Sleepsoftly, p.17
SleepSoftly,
p.17
Amy said, “We need your family contact information. You live with your parents?”
“With my dad. He’s Elroy Littlejohn, too. Senior.” He gave the phone number, mumbling. I jotted it down on the gurney sheet, noting that Willie Mae wrote it on the paperwork, her pen following and documenting every move we made. A plainclothes cop entered the room and stood to the side, watching and listening.
“How old are you, Elroy?” someone asked.
“Twenty.”
“You know what happened tonight?”
Willie Mae took the kid’s clothing, shoes, laptop and watch, documenting the personal effects for which she accepted responsibility.

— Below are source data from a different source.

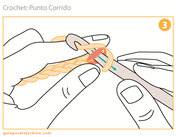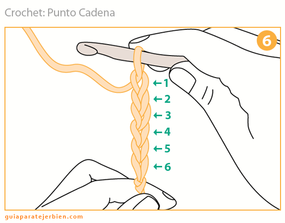 Repetir desde el paso número 2 hasta tener una cadena del largo deseado.En las explicaciones de otros puntos, al comenzar la primera hilera se indica insertar la aguja en un determinado punto cadena desde la aguja, la manera de contarlos es como está representado en el dibujo, no se incluye el nudo corredizo del final ni el punto que sostiene el ganchillo.
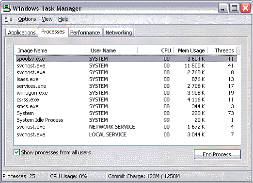 А если вообще приблизится к реальности, то пользователь имеет дело не с одним, не с двумя, и даже не с тремя процессами. На приведенном коллаже (это действительно коллаж, потому что со скриншота Task Manager были удалены все пользовательские процессы, т. е. приложения, запускаемые “для работы”) хорошо видно, что “голая” Windows XP, сама по себе, не запустив еще ни одного приложения, уже породила 12 процессов, причем многие из них к тому же еще и многопоточные, и общее количество потоков достигает двухсот восьми штук! На картинке приведены некоторые процессы.
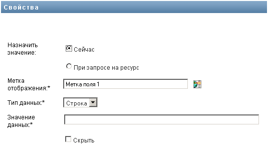 Введите отображаемую метку для поля, а также тип данных и значение. Поддерживаются следующие типы данных:
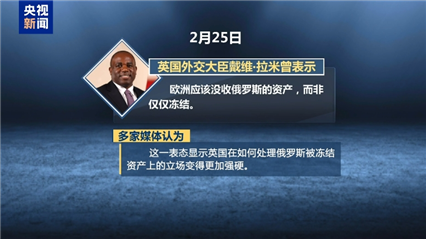 2月25日,英国外交大臣戴维·拉米曾表示,欧洲应该没收俄罗斯的资产,而非仅仅冻结。多家媒体认为,这一表态显示英国在如何处理俄罗斯被冻结资产上的立场变得更加强硬。
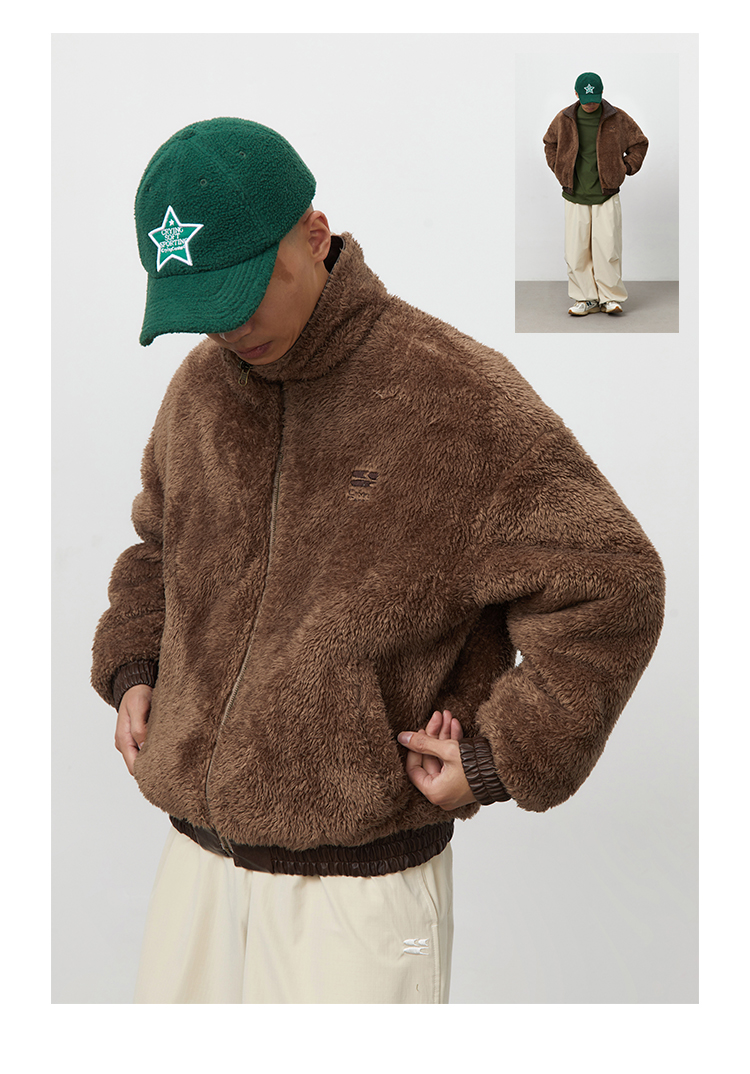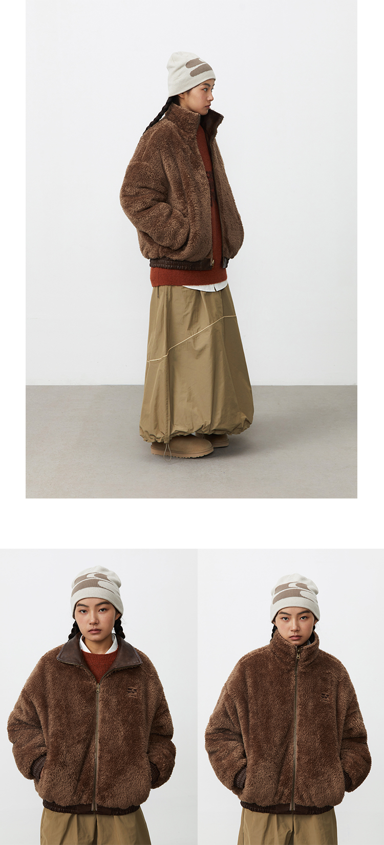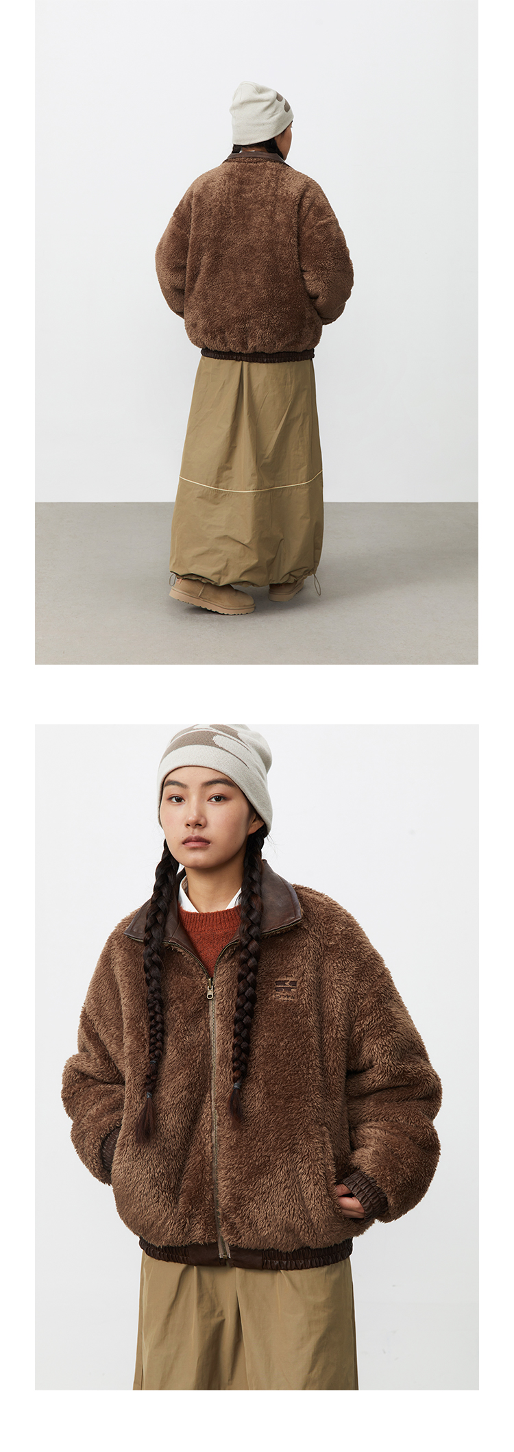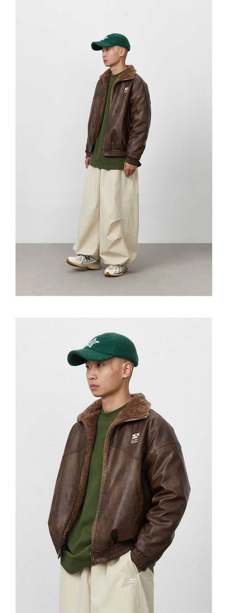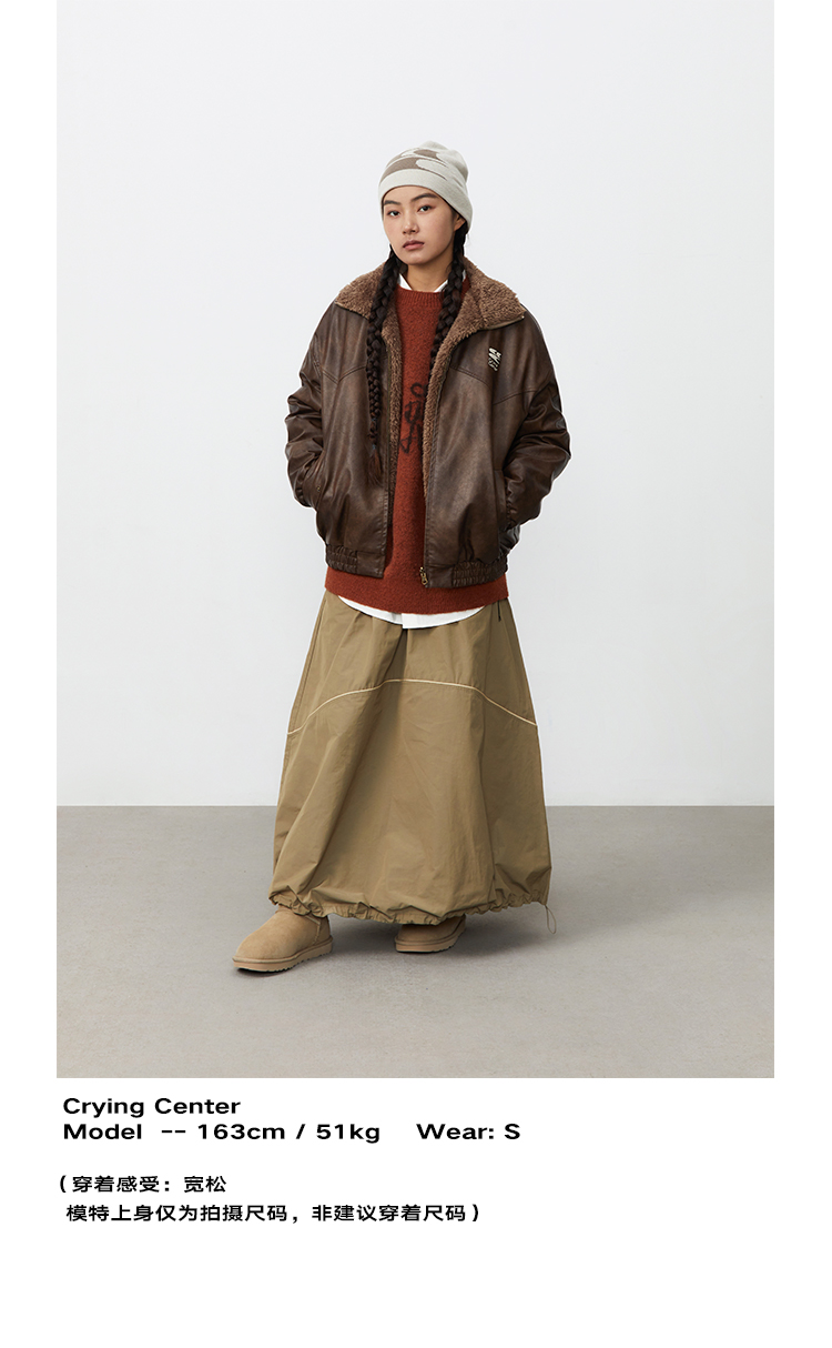 CryingCenter 棕色美拉德皮毛做旧感夹克外套 正反可穿哭喊中心

“I was getting off from work. I was crossing the street.” Recounting the event brought some color back in his cheeks.
“Where do you work, Elroy?” Fred asked, assessing the patient’s mental state and orientation.
“The museum.”
“The State Museum? On Gervais Street?” Christopher asked.
“Yeah. Anyway, this car came around the corner. Cruising. You know? Ahhh!” Elroy shouted as Christopher probed in a circle around the dressing over the entrance wound on his right side.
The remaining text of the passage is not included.